-- Data supplied follows --
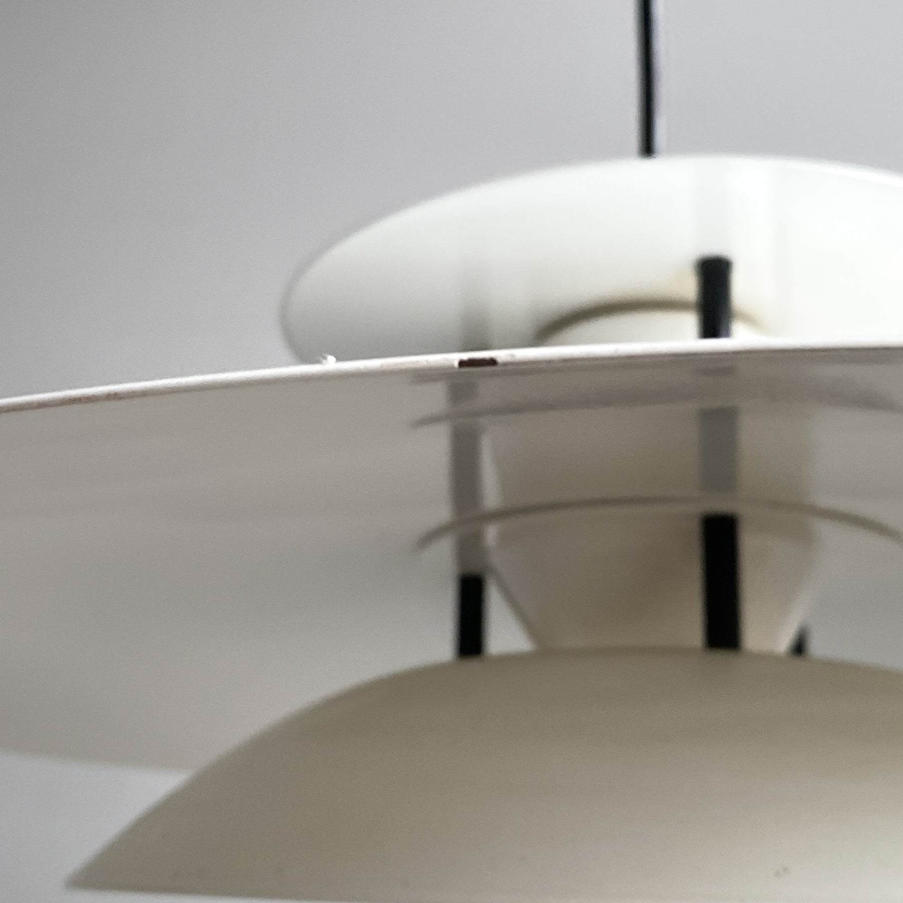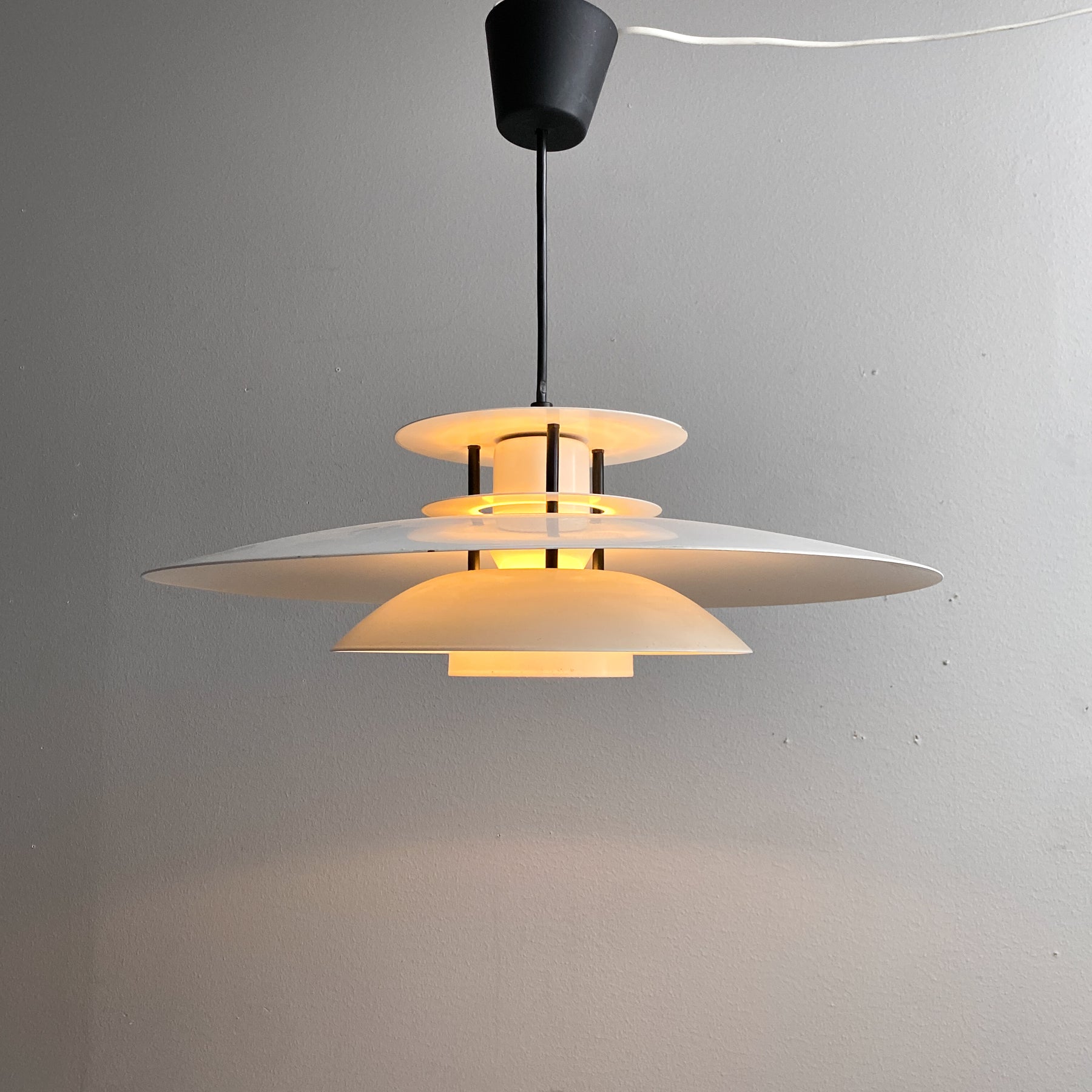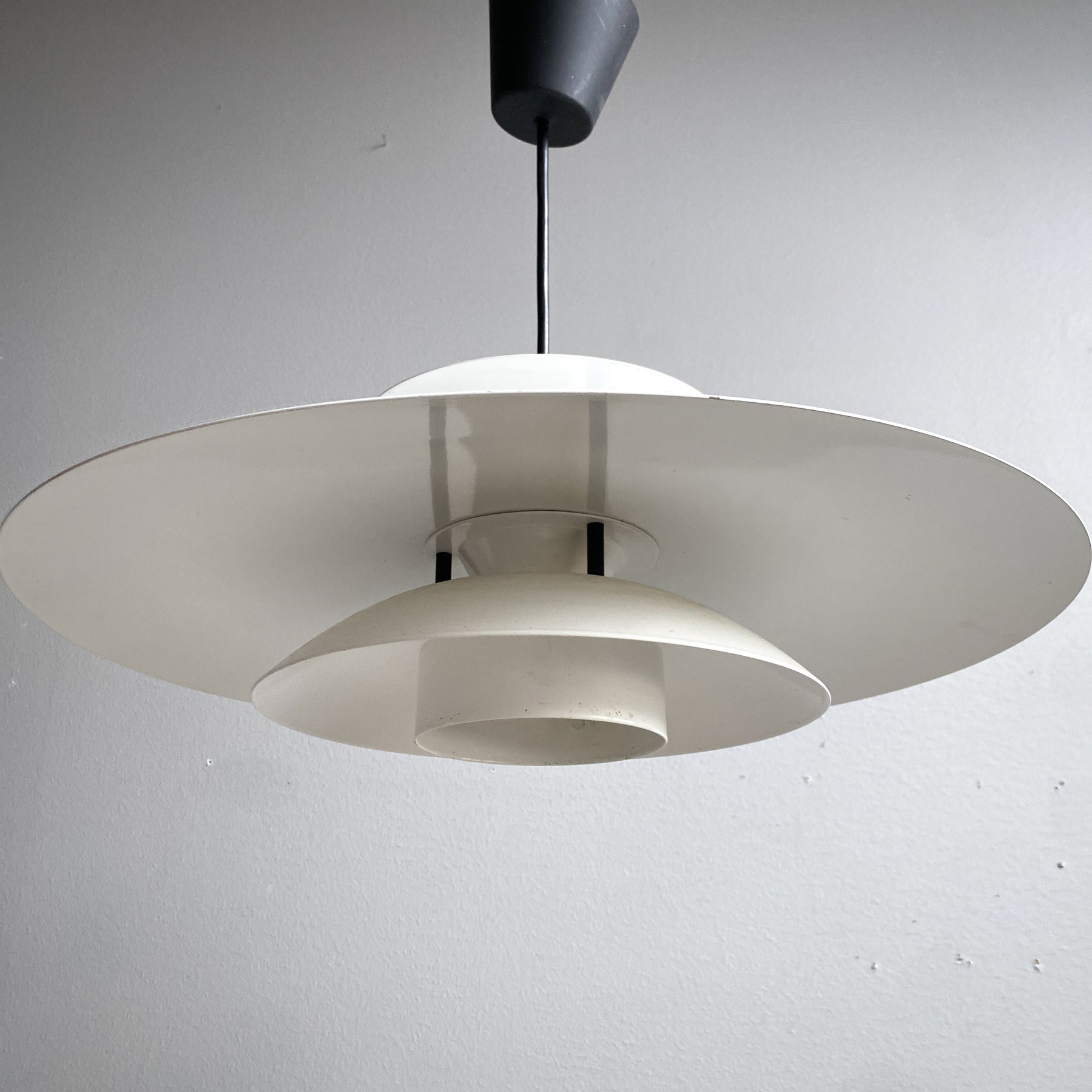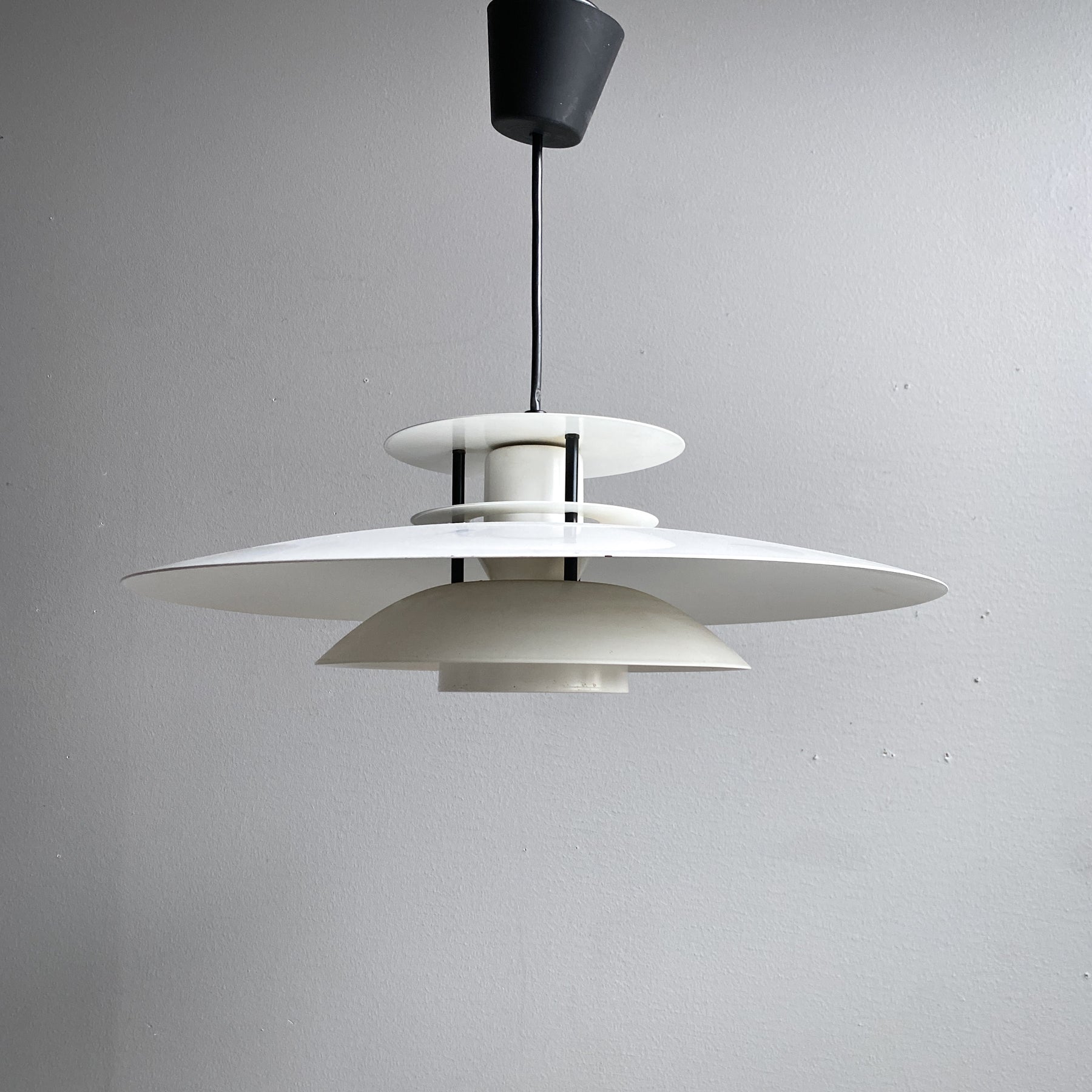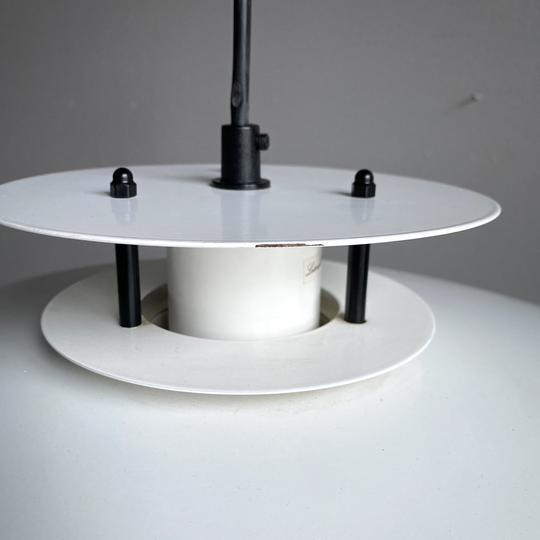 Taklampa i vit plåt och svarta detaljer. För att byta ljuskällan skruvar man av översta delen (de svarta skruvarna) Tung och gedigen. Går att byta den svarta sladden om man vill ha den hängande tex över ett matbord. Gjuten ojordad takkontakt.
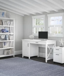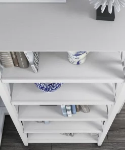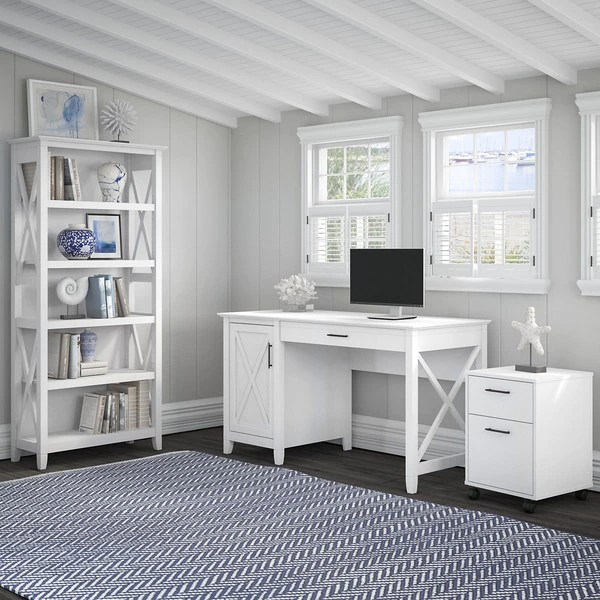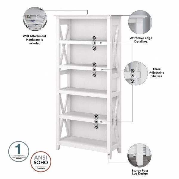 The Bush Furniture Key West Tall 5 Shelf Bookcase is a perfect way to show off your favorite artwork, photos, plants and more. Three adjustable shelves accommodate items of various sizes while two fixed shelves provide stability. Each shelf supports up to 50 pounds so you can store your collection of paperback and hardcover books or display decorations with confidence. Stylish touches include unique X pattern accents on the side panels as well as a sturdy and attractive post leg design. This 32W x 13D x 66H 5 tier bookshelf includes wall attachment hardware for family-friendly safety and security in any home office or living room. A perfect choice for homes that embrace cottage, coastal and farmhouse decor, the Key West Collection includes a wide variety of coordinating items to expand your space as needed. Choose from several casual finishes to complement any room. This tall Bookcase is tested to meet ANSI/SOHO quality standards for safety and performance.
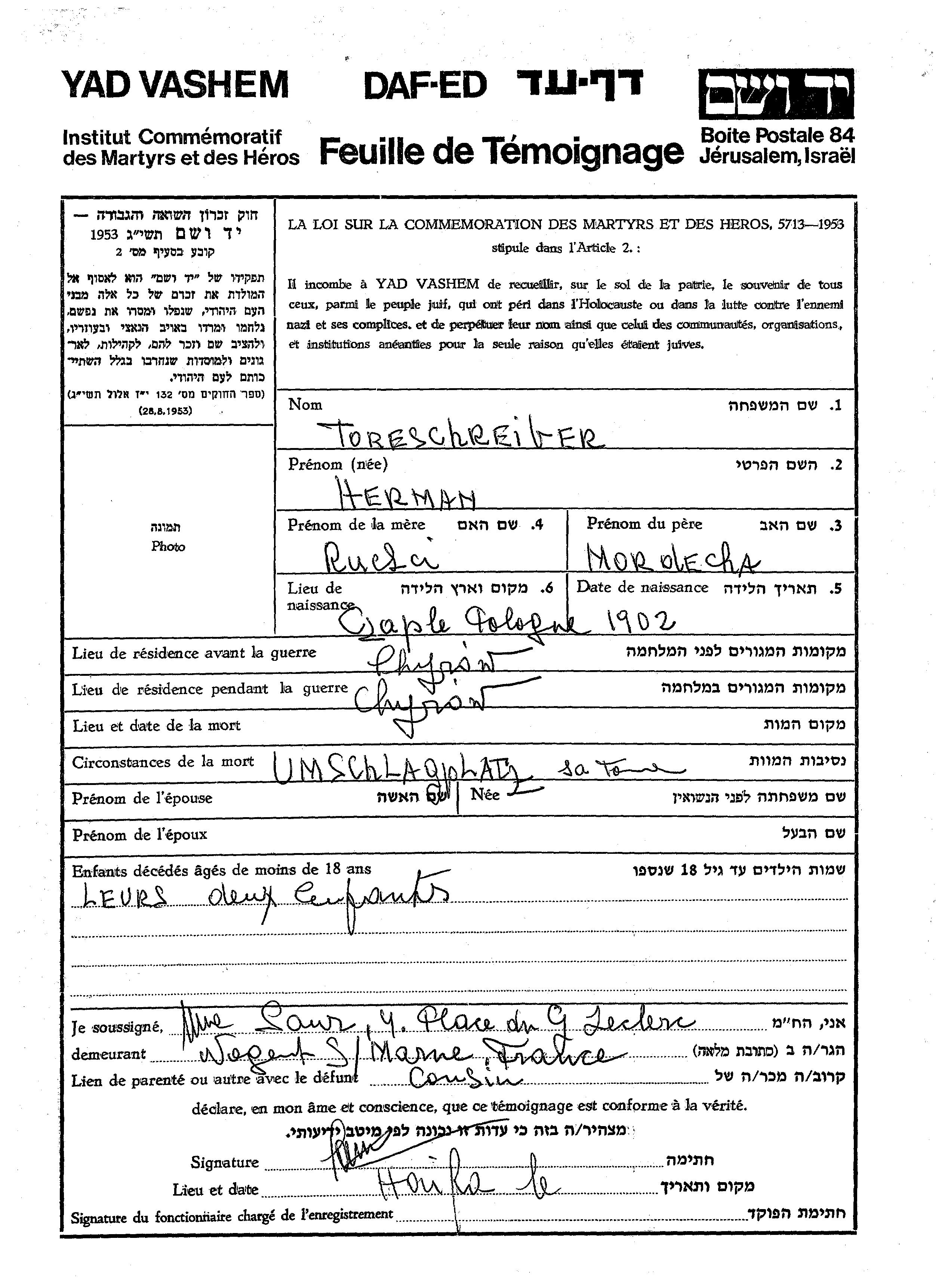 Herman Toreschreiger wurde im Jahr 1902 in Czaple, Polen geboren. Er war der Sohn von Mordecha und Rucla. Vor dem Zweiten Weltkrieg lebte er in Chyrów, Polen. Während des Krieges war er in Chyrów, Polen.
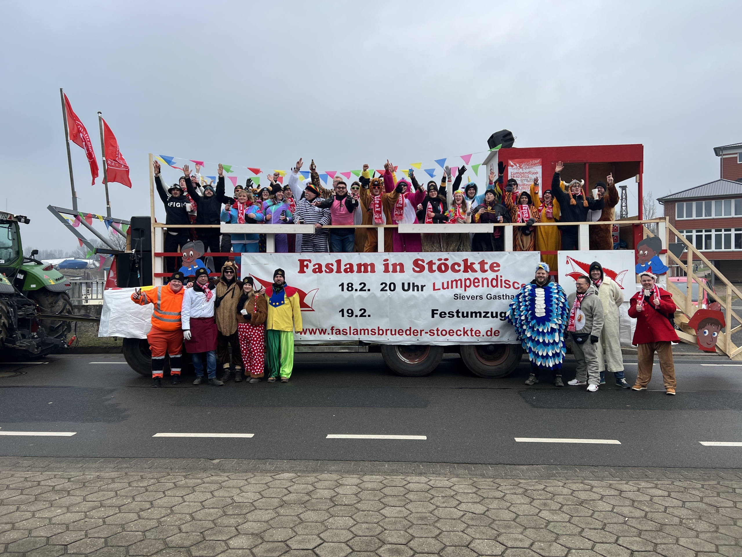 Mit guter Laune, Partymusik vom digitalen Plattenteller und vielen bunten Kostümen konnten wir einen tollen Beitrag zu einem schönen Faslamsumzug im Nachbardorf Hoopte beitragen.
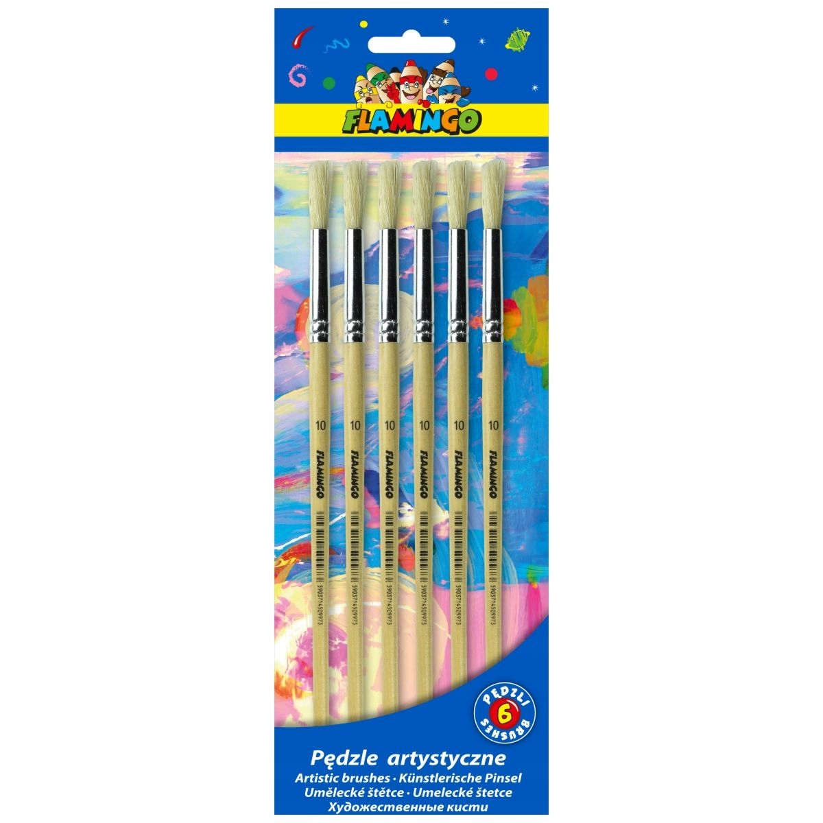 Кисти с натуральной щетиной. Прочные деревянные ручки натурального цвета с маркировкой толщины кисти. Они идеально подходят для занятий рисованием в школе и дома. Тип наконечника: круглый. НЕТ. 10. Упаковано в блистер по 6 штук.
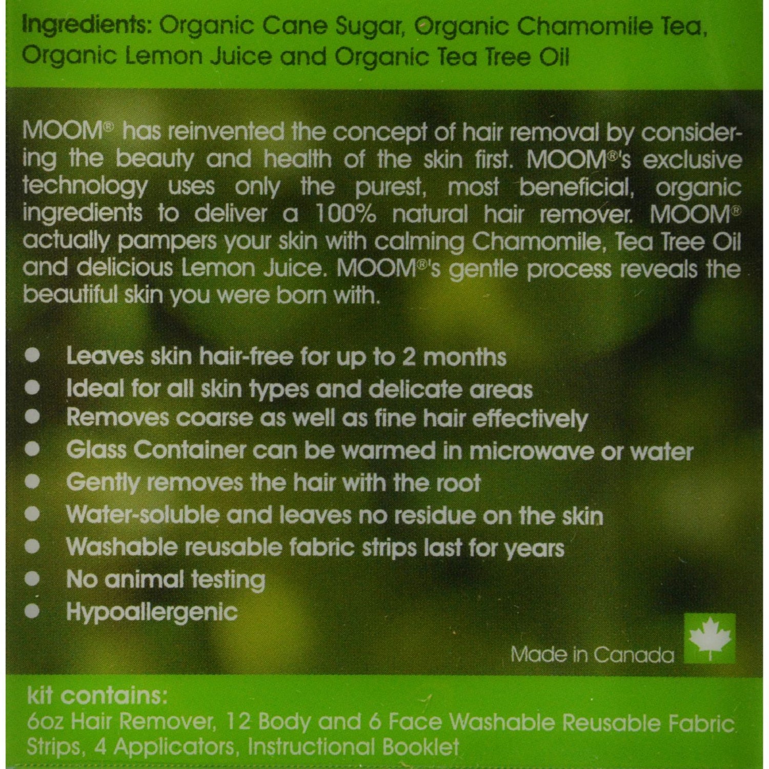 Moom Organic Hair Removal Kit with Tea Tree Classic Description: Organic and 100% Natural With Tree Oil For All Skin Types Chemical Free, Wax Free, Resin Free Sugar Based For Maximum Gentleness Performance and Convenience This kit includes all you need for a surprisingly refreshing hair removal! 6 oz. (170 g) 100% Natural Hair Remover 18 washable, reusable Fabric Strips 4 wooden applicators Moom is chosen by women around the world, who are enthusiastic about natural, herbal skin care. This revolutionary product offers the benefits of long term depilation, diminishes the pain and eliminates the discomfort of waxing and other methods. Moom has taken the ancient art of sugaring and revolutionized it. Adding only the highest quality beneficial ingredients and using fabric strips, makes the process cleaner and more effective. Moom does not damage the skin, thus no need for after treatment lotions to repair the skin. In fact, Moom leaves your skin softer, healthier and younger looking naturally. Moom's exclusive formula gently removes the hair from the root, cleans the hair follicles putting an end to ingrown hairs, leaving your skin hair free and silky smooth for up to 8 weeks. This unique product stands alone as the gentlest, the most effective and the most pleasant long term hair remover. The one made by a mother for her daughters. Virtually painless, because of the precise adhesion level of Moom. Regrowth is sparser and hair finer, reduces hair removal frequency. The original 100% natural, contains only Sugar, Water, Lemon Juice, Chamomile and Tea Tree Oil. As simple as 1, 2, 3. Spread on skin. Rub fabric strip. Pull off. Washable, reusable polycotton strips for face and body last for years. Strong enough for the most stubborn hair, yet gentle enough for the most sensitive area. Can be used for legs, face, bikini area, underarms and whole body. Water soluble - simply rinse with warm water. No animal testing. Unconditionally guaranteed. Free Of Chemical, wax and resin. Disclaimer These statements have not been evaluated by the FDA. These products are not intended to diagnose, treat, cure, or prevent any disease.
-- Data supplied concluded --
* [Your assignment]: Return the whole listing, word for word, and leave out every picture.

* [Task answer]:
 Taklampa i vit plåt och svarta detaljer. För att byta ljuskällan skruvar man av översta delen (de svarta skruvarna) Tung och gedigen. Går att byta den svarta sladden om man vill ha den hängande tex över ett matbord. Gjuten ojordad takkontakt.
 The Bush Furniture Key West Tall 5 Shelf Bookcase is a perfect way to show off your favorite artwork, photos, plants and more. Three adjustable shelves accommodate items of various sizes while two fixed shelves provide stability. Each shelf supports up to 50 pounds so you can store your collection of paperback and hardcover books or display decorations with confidence. Stylish touches include unique X pattern accents on the side panels as well as a sturdy and attractive post leg design. This 32W x 13D x 66H 5 tier bookshelf includes wall attachment hardware for family-friendly safety and security in any home office or living room. A perfect choice for homes that embrace cottage, coastal and farmhouse decor, the Key West Collection includes a wide variety of coordinating items to expand your space as needed. Choose from several casual finishes to complement any room. This tall Bookcase is tested to meet ANSI/SOHO quality standards for safety and performance.
 Herman Toreschreiger wurde im Jahr 1902 in Czaple, Polen geboren. Er war der Sohn von Mordecha und Rucla. Vor dem Zweiten Weltkrieg lebte er in Chyrów, Polen. Während des Krieges war er in Chyrów, Polen.
 Mit guter Laune, Partymusik vom digitalen Plattenteller und vielen bunten Kostümen konnten wir einen tollen Beitrag zu einem schönen Faslamsumzug im Nachbardorf Hoopte beitragen.
 Кисти с натуральной щетиной. Прочные деревянные ручки натурального цвета с маркировкой толщины кисти. Они идеально подходят для занятий рисованием в школе и дома. Тип наконечника: круглый. НЕТ. 10. Упаковано в блистер по 6 штук.
 Moom Organic Hair Removal Kit with Tea Tree Classic Description: Organic and 100% Natural With Tree Oil For All Skin Types Chemical Free, Wax Free, Resin Free Sugar Based For Maximum Gentleness Performance and Convenience This kit includes all you need for a surprisingly refreshing hair removal! 6 oz. (170 g) 100% Natural Hair Remover 18 washable, reusable Fabric Strips 4 wooden applicators Moom is chosen by women around the world, who are enthusiastic about natural, herbal skin care. This revolutionary product offers the benefits of long term depilation, diminishes the pain and eliminates the discomfort of waxing and other methods. Moom has taken the ancient art of sugaring and revolutionized it. Adding only the highest quality beneficial ingredients and using fabric strips, makes the process cleaner and more effective. Moom does not damage the skin, thus no need for after treatment lotions to repair the skin. In fact, Moom leaves your skin softer, healthier and younger looking naturally. Moom's exclusive formula gently removes the hair from the root, cleans the hair follicles putting an end to ingrown hairs, leaving your skin hair free and silky smooth for up to 8 weeks. This unique product stands alone as the gentlest, the most effective and the most pleasant long term hair remover. The one made by a mother for her daughters. Virtually painless, because of the precise adhesion level of Moom. Regrowth is sparser and hair finer, reduces hair removal frequency. The original 100% natural, contains only Sugar, Water, Lemon Juice, Chamomile and Tea Tree Oil. As simple as 1, 2, 3. Spread on skin. Rub fabric strip. Pull off. Washable, reusable polycotton strips for face and body last for years. Strong enough for the most stubborn hair, yet gentle enough for the most sensitive area. Can be used for legs, face, bikini area, underarms and whole body. Water soluble - simply rinse with warm water. No animal testing. Unconditionally guaranteed. Free Of Chemical, wax and resin. Disclaimer These statements have not been evaluated by the FDA. These products are not intended to diagnose, treat, cure, or prevent any disease.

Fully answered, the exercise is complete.